# Fireplace Portal Help



## NickWaka7 (Aug 10, 2013)

This year my dad and I decided to recreate this nice effect for our haunted house. The effect itself is quite simple to pull off. The only thing that I want to know is how to raise the outer part of the fireplace to make the illusion work without having someone constantly lifting and lowering the mobile part of the fireplace up and down. I was thinking pneumatics, but wanted to see what other ideas there were for the project. I am planning on creating a fireplace with side legs that are 4ft tall and when raised, the doorway doubles and becomes an 8ft tall.

If pneumatics is the way to go, what would I need to pull this off? Like most of us here, the less money I have to spend, the better. Also, if I do end up using pneumatics, would I need two, one for each side (or leg) of the fireplace?

Here is the effect:


----------



## Palmdale Haunter (Mar 3, 2012)

This is an ambitious build...
Getting 4 feet of travel will be a challenge.
Driving it directly via pneumatic could be pricey... Cylinders with that much travel get expensive.
You may wish to look at a lever system to amplify the distance. 
This will come with a cost of need for power.. This wil increase cost too as power = diameter in cylinders. Larger diameter = higher cost...
You could maybe use a winch or even build one using a wiper motor with parking and a limit switch...
Either way I think the lifting is a separate element from the structure that keeps thing in alingmment to prevent binding...
Keep things light and rigid...


----------



## wrasse (Aug 5, 2012)

I would suggest a garage door opener. Plenty of power. I have purchased a few of these unit for under $50 used.


----------



## screaminscott (Oct 13, 2006)

I agree with wrasse. A garage door opener would be perfect. They have motion limiters to stop them at the right place. And they autoreverse. And they have safety features so they can't be lowered onto someone (if you set them up right)


----------



## NickWaka7 (Aug 10, 2013)

I didnt even think about that! Do they make smaller versions that are somewhat quieter than a normal garage door opener?


----------



## wrasse (Aug 5, 2012)

Yes there are quiet versions available but if you purchase them off of ebay as I do, you have to take what you get. I have mounted them in a box made of 3/4" plywood lined with 2" styrofoam insulation and they are very quite then. Also with the openers, you can have them mounted 20 feet away if needed and just run cable to the prop using a couple of clothes line pulleys. They are very versatike units.


----------



## NickWaka7 (Aug 10, 2013)

wrasse said:


> Yes there are quiet versions available but if you purchase them off of ebay as I do, you have to take what you get. I have mounted them in a box made of 3/4" plywood lined with 2" styrofoam insulation and they are very quite then. Also with the openers, you can have them mounted 20 feet away if needed and just run cable to the prop using a couple of clothes line pulleys.

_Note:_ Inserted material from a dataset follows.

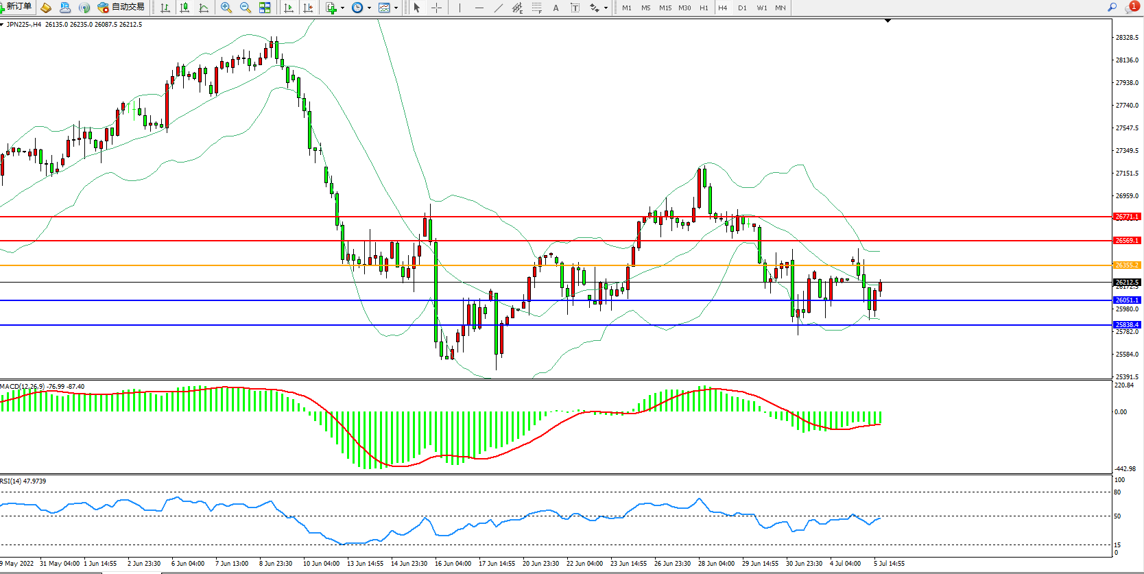 日经225指数7月5日(周二)收盘上涨264.69点,涨幅1.01%,报26418.50点。日本外务大臣林芳正将于本月7日访问印度尼西亚,并出席二十国集团(G20)外长会议。他还将在会议上阐述在当前俄乌局势背景下,日本在应对全球粮食危机等问题上的立场和倡议。

They are very versatike units.


I was thinking about making a box like that. I planned on placing the motor right behind the wall of the effect, and using the motor to lift and drop the fireplace by using some pulleys. This will work correct? Or does the motor need to be farther back?


----------



## wrasse (Aug 5, 2012)

The motor should be at least 11/2 times the lift height you need for the prop if not a little more.


----------



## mroct31 (Nov 10, 2007)

Belt drive garage door opener is going to be your least amount of noise model. Check out the difference between a chain and belt here:






I think most of he noice on the belt drive model is coming from the door and not the opener.


----------



## NickWaka7 (Aug 10, 2013)

wrasse said:


> The motor should be at least 11/2 times the lift height you need for the prop if not a little more.


I plan on making a 3-4 foot tall fireplace opening that "stretches" to about 6.5'-7' fully extended, so it only has to lift the fireplace about 3-4 feet total. Is there a way to control the lift on a garage door opener?



mroct31 said:


> Belt drive garage door opener is going to be your least amount of noise model. Check out the difference between a chain and belt here:
> 
> 
> 
> ...


Thanks for the suggestion! I will keep that in mind when I purchase a unit.


----------